The term 'de-risking' refers to financial institutions closing the accounts of clients perceived high risk for money laundering-or terrorist-financing abuses, namely money service businesses, nonprofit organisations, correspondent banks, and foreign embassies.
The central bank of Bangladesh has already advised the global banks through their local offices or representatives to inform the Bangladesh Financial Intelligence Unit (BFIU) of the central bank before cutting ties with local commercial banks, said Mr. Razee Hassan, also head of the BFIU.
"The issue has already been discussed at FATA (Financial Action Task Force) and APG (Asia Pacific Group on Money Laundering) recent meetings," the BFIU chief noted.

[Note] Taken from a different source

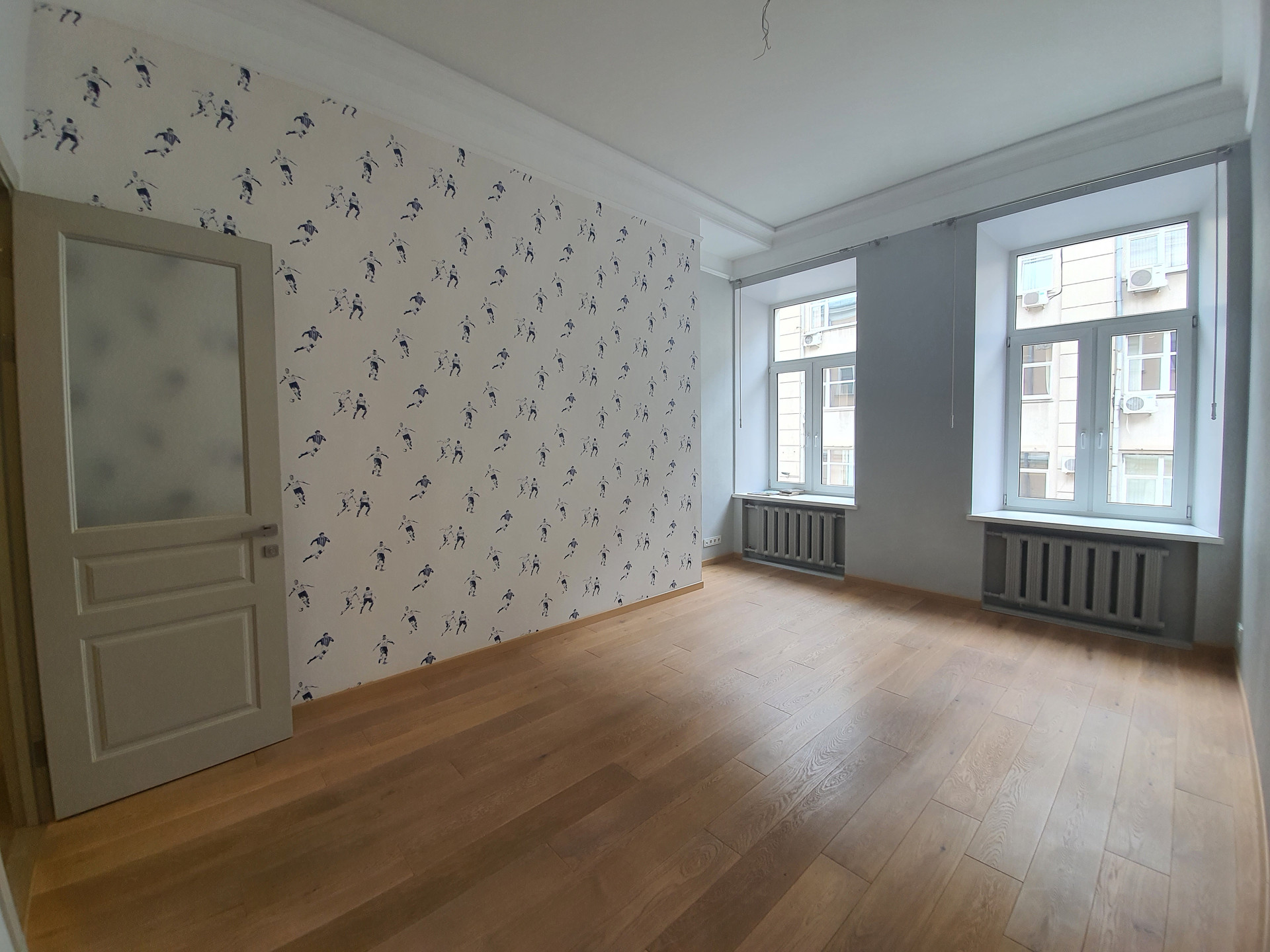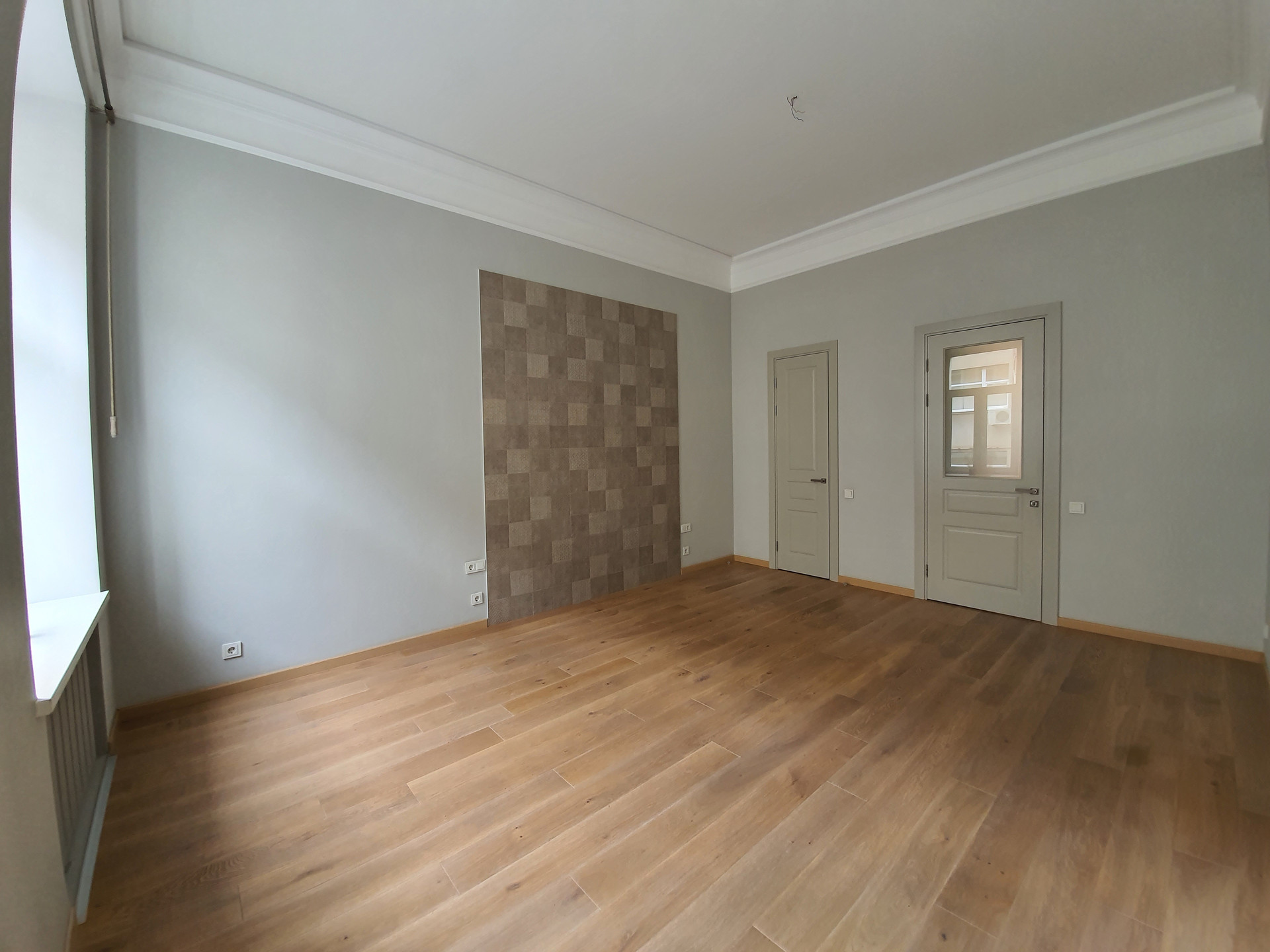 Общая площадь 174.1 кв.м, комнаты изолированные 38,2+18.9+15.1+16.9+16.5 кв.м , кухня 18,5 кв.м со встроенной техникой, 3 гардеробных, 2 вместительных санузла, высота потолков 3,85 м. Квартира расположена на 3 этаже 5 этажного кирпичного дома 1915 г.п., после реконструкции, лифт, чистый малонаселенный подъезд, 2 квартиры на площадке, тихо, зелено.

Among the nine local banks, five are state-owned commercial banks while one is a Shariah-based Islamic bank and three other conventional local private commercial banks. They have been designated as the mostly affected banks of Bangladesh, according to a BB senior official.
Currently, 49 local banks are running their operations across the country. He also said the BFIU has urged the global banks to review the corresponding relationship discontinuation with the local banks.
"Some corresponding relationships had been discontinued on the basis of media reports," the official said in reply to a query.
Adverse impacts of de-risking increased further in 2016, affecting 60 per cent local banks as against 53 per cent a year before. It was 60 per cent in 2014, according to a study conducted by the Bangladesh Institute of Bank Management (BIBM).
Contacted, Shah Md. Ahsan Habib, professor and director of the BIBM, said the profitability of banks may be hampered following adverse impacts of the de-risking drive.
"Cross-border transactions and remittance business of the banks have been affected due to the de-rising," Dr. Habib explained. He also urged the banks to take effective measures to improve compliance capacity of AML/CFT for avoiding such negative impacts.
"Workers' remittance inflows are suffering downturn not just because of weakened demand for migrant workers in major migrant labour-hosting countries but also because it is getting harder, even impossible in some instances, for migrant workers to access legitimate channels for sending money home, with high-cost burdens of compliance with unduly stringent AML/CFT regulations dissuading international banks from relationships with remittance-handlers," the central bank said in its latest monetary policy statement (MPS), released Wednesday.
It also said: "Urged repeatedly in global dialogues, inter alia by the BB and other Bangladesh authorities, global AML/CFT standard-setters are now reportedly looking into this."
The inflow of remittances dropped by 14.48 per cent to US$ US$12.77 billion in the fiscal year (FY) 2016-17 from $14.93 billion a year ago.